**Task requirements**
From the line with "Medium size shoulder" to the line with "2025爆款三层夹棉睡衣女款秋冬季珊瑚绒棉袄女士可外穿家居服加绒", retype each line exactly as it stands in the records below, but skip the pictures.

**Exercise inputs**
◆ ◆ ◆ ◆
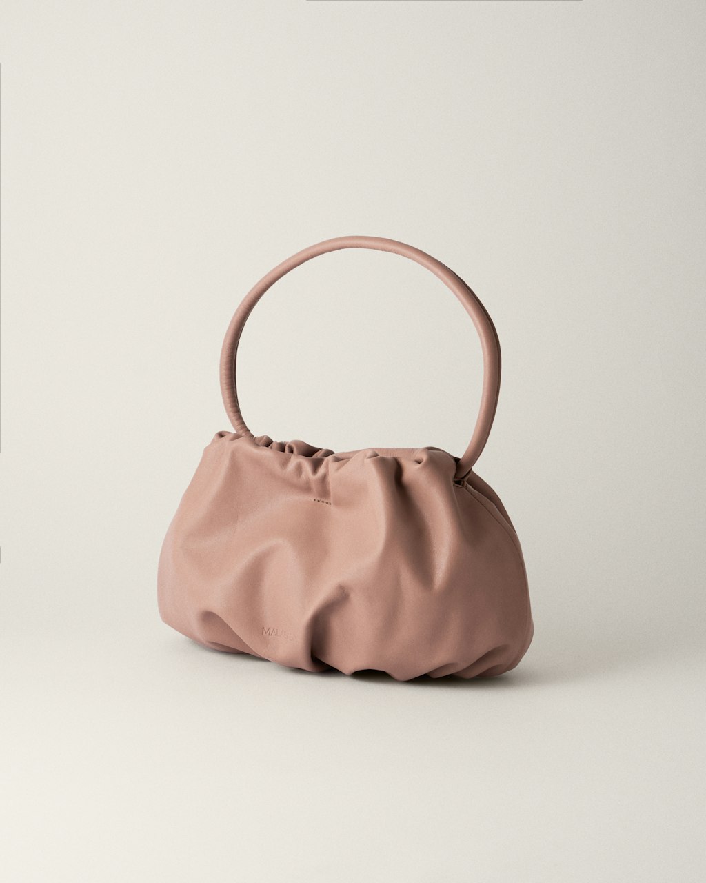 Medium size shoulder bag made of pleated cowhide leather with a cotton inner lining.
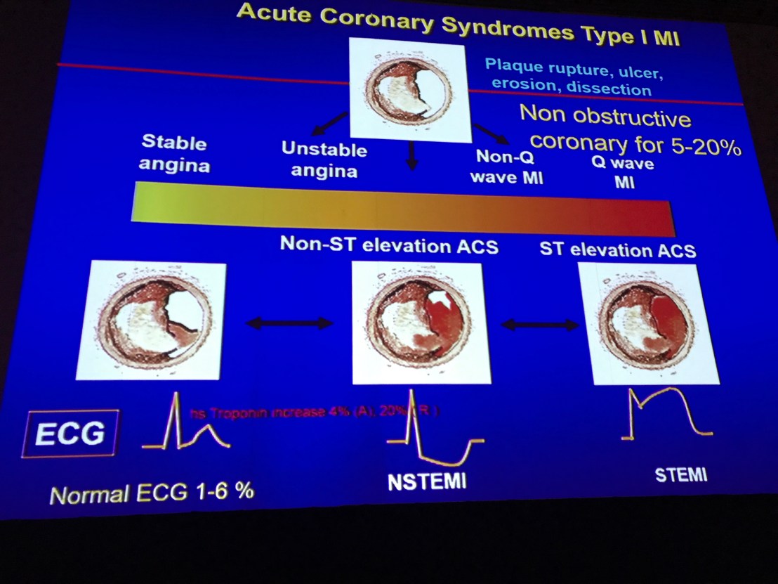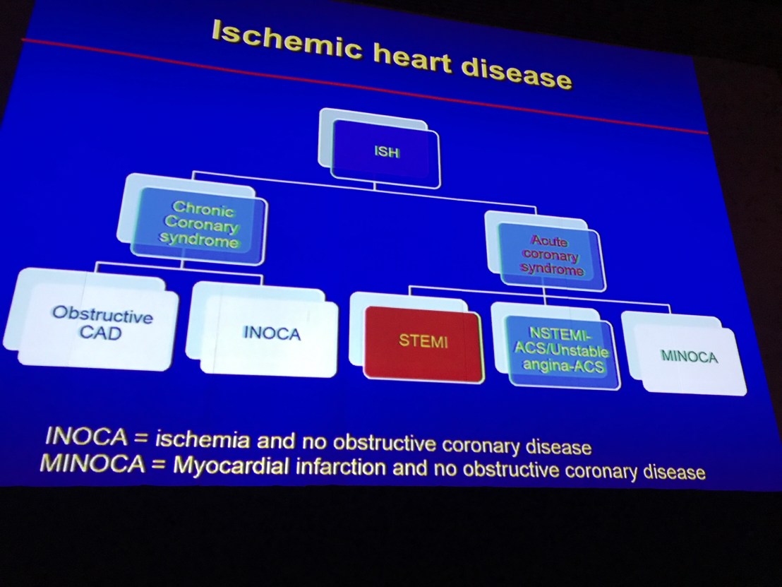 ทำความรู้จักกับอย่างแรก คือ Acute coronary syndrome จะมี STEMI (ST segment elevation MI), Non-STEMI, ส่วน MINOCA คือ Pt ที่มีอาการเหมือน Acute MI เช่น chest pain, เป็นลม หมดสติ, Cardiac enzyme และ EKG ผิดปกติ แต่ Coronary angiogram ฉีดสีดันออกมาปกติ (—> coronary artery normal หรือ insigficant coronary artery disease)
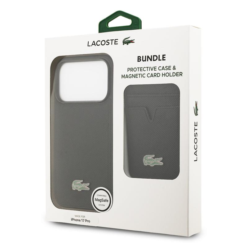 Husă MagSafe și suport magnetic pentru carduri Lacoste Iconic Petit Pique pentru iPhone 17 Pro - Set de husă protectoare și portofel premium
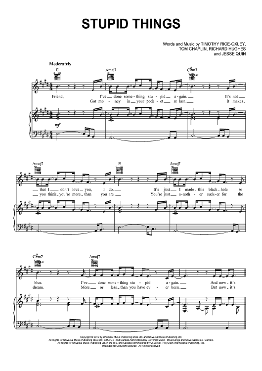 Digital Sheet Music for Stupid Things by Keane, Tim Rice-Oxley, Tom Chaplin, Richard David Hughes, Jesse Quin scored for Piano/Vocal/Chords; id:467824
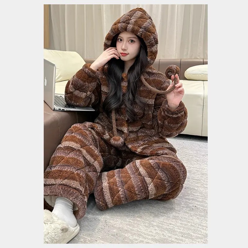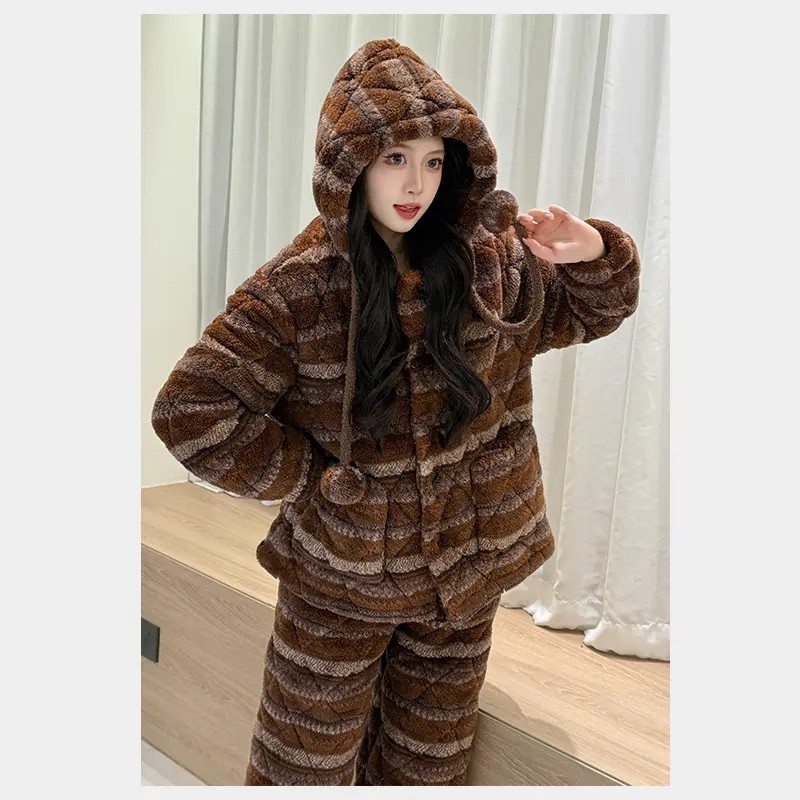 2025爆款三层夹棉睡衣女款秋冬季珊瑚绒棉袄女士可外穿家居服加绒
◆ ◆ ◆ ◆
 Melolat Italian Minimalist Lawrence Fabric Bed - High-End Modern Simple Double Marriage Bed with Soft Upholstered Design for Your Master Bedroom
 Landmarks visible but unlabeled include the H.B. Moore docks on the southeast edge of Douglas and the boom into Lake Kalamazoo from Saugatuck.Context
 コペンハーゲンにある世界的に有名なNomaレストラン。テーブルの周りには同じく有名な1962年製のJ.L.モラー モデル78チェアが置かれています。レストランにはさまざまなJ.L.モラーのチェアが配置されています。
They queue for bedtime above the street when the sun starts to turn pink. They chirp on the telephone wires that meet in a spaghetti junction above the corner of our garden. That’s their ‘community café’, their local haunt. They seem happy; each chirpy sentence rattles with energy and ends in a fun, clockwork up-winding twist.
◆ ◆ ◆ ◆
**Result below**
 Medium size shoulder bag made of pleated cowhide leather with a cotton inner lining.
 ทำความรู้จักกับอย่างแรก คือ Acute coronary syndrome จะมี STEMI (ST segment elevation MI), Non-STEMI, ส่วน MINOCA คือ Pt ที่มีอาการเหมือน Acute MI เช่น chest pain, เป็นลม หมดสติ, Cardiac enzyme และ EKG ผิดปกติ แต่ Coronary angiogram ฉีดสีดันออกมาปกติ (—> coronary artery normal หรือ insigficant coronary artery disease)
 Husă MagSafe și suport magnetic pentru carduri Lacoste Iconic Petit Pique pentru iPhone 17 Pro - Set de husă protectoare și portofel premium
 Digital Sheet Music for Stupid Things by Keane, Tim Rice-Oxley, Tom Chaplin, Richard David Hughes, Jesse Quin scored for Piano/Vocal/Chords; id:467824
 2025爆款三层夹棉睡衣女款秋冬季珊瑚绒棉袄女士可外穿家居服加绒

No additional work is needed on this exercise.